Unnamed: 0,antecedents,consequents,antecedent support,consequent support,support,confidence,lift,leverage,conviction
0,(Abrasive Cut-Off and Chop Wheels),(Cable Ties),0.055478,0.137088,0.012081,0.217756,1.588438,0.004475,1.103124
1,(Cable Ties),(Abrasive Cut-Off and Chop Wheels),0.137088,0.055478,0.012081,0.088124,1.588438,0.004475,1.0358
2,(Abrasive Cut-Off and Chop Wheels),(Depressed Center Wheels),0.055478,0.042527,0.013287,0.239504,5.631817,0.010928,1.259012
3,(Depressed Center Wheels),(Abrasive Cut-Off and Chop Wheels),0.042527,0.055478,0.013287,0.312444,5.631817,0.010928,1.373738
4,(Abrasive Cut-Off and Chop Wheels),(Duct and Cloth Tapes),0.055478,0.171658,0.012256,0.220922,1.286988,0.002733,1.063234


Generally, a lift above 1 can infer some association. We will filter out associations that have a lift of at least 6 and confidence of at least 80% to find the most relevant recommendations.

In [29]:
# Filter items and save
saved_recs = rules[ (rules['lift'] >= 6) &
     rules['confidence'] >= 0.8]

# Check saved dataframe
saved_recs.sort_values(by=['confidence'], ascending=False)

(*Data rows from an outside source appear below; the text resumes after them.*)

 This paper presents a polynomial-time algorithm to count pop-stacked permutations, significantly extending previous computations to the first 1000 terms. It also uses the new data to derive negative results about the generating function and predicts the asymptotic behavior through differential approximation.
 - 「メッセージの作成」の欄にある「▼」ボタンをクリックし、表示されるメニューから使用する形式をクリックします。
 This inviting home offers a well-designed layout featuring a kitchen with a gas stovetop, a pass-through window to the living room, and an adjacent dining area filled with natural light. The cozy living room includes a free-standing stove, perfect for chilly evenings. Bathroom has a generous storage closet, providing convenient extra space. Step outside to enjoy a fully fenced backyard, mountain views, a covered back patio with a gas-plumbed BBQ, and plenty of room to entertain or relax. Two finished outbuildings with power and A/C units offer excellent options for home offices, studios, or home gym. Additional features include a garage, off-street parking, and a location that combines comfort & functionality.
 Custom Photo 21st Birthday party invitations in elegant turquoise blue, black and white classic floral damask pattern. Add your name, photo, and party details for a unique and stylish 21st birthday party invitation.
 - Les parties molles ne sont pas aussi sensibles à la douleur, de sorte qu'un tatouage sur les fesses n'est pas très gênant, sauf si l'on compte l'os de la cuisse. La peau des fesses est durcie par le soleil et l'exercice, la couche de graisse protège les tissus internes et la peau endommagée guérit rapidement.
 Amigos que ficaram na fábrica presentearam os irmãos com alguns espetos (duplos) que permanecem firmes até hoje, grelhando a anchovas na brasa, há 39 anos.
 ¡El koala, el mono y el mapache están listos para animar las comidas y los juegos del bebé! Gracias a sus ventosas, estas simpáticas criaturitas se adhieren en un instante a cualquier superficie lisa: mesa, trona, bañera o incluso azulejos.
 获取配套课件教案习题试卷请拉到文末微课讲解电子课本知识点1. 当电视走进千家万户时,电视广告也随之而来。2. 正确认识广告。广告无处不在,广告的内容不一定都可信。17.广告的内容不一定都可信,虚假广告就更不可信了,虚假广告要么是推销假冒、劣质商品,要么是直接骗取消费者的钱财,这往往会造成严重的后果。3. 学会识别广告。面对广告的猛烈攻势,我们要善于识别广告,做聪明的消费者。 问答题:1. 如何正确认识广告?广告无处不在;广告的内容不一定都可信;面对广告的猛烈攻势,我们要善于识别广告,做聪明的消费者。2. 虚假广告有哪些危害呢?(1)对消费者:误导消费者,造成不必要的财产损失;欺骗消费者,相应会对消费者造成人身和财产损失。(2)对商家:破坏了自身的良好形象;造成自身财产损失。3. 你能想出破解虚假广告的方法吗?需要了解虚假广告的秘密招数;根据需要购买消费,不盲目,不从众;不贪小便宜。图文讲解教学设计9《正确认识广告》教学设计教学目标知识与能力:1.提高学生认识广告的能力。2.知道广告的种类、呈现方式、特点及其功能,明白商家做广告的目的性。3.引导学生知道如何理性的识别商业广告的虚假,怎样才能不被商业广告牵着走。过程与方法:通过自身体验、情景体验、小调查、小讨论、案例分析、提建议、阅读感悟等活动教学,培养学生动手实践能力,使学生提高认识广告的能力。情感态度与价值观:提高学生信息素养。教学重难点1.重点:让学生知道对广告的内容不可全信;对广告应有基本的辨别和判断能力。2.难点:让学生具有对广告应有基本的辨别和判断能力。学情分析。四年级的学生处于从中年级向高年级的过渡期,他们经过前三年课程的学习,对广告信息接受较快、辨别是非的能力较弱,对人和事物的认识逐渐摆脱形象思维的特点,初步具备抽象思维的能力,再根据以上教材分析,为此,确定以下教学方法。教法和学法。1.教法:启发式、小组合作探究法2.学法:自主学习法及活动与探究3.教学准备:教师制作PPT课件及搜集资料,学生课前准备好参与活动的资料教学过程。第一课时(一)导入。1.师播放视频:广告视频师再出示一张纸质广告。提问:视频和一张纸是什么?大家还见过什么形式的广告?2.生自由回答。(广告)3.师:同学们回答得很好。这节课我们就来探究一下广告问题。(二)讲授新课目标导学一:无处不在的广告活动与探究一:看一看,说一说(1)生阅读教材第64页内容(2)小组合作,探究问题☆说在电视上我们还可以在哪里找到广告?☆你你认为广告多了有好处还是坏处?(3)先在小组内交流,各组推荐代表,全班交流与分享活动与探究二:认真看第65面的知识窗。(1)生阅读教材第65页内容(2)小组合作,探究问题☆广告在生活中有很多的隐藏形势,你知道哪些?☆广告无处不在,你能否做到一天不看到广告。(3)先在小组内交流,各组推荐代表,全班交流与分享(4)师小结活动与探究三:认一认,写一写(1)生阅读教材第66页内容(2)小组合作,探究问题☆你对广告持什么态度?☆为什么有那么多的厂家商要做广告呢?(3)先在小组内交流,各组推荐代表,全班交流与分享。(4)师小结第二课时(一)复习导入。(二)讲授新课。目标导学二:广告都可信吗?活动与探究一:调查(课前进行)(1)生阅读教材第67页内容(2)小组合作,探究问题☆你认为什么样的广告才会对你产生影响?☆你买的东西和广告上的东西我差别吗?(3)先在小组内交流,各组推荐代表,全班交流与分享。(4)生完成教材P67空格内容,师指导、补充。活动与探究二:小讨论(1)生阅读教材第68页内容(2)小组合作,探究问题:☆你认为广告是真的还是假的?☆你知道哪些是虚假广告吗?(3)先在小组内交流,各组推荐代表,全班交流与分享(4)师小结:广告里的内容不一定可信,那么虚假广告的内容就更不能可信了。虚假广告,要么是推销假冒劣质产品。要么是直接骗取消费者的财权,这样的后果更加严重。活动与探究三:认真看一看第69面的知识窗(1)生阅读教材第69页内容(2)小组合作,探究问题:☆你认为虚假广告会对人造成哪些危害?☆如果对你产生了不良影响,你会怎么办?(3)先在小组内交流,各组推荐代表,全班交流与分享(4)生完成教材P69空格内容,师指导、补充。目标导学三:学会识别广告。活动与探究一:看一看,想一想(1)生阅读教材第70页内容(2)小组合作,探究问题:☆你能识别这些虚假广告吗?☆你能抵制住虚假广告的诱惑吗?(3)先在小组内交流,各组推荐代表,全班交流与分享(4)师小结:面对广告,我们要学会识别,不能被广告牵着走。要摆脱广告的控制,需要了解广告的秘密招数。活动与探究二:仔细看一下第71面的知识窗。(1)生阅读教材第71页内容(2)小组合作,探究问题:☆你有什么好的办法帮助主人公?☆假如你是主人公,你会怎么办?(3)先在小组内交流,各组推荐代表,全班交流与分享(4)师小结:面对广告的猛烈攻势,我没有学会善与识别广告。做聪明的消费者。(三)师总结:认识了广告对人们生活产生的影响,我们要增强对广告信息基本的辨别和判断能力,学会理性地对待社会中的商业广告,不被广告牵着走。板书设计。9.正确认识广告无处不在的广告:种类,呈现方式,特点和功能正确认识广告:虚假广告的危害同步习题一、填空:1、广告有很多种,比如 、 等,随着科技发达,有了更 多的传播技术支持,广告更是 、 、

Unnamed: 0,antecedents,consequents,antecedent support,consequent support,support,confidence,lift,leverage,conviction
2949,"(Lock Nuts, Hex Head Cap Screws, Hex Nuts, Loc...",(Flat Washers),0.012218,0.116974,0.011447,0.936875,8.009248,0.010018,13.988528
2922,"(Lock Nuts, Hex Nuts, Lock Washers)",(Flat Washers),0.014219,0.116974,0.013127,0.923201,7.892349,0.011464,11.497861
2893,"(Lock Nuts, Hex Head Cap Screws, Lock Washers)",(Flat Washers),0.017495,0.116974,0.015899,0.908773,7.769010,0.013852,9.679484
2840,"(Hex Head Cap Screws, Hex Nuts, Lock Washers)",(Flat Washers),0.029011,0.116974,0.026109,0.899974,7.693782,0.022715,8.827935
2825,"(Lock Nuts, Hex Head Cap Screws, Hex Nuts)",(Flat Washers),0.018908,0.116974,0.016999,0.899031,7.685721,0.014787,8.745488
2287,"(Lock Nuts, Lock Washers)",(Flat Washers),0.021336,0.116974,0.018961,0.888690,7.597319,0.016465,7.933036
2908,"(Jobber Length Drill Bits, Hex Nuts, Lock Wash...",(Flat Washers),0.012676,0.116974,0.011248,0.887349,7.585858,0.009766,7.838625
2547,"(Hex Nuts, Lock Washers, Cable Ties)",(Flat Washers),0.012065,0.116974,0.010676,0.884810,7.564150,0.009264,7.665829
2531,"(Hex Head Cap Screws, Lock Washers, Cable Ties)",(Flat Washers),0.013913,0.116974,0.012180,0.875412,7.483804,0.010553,7.087547
2950,"(Lock Nuts, Flat Washers, Hex Nuts, Lock Washers)",(Hex Head Cap Screws),0.013127,0.100502,0.011447,0.872019,8.676589,0.010128,7.028347


The final step now that recommendations have been generated is to save them as a csv file for later use.

In [23]:
# Save Recs to csv
saved_recs.to_csv('recommendations.csv', index=False)

##  Summary

The apriori algorithm and association rule mining were used to extract frequent itemsets (items purchased together) from the data and generate rules for frequent item patterns. These rules can be used in a recommendation engine in the context of "customers who viewed ... also viewed..." and "customers who purchased ... also purchased..." in order to encourage add-on purchases or encourage past customers to  continue using "The Company" for their e-commerce needs. The results are contained in a CSV file that can be used across platforms for production purposes.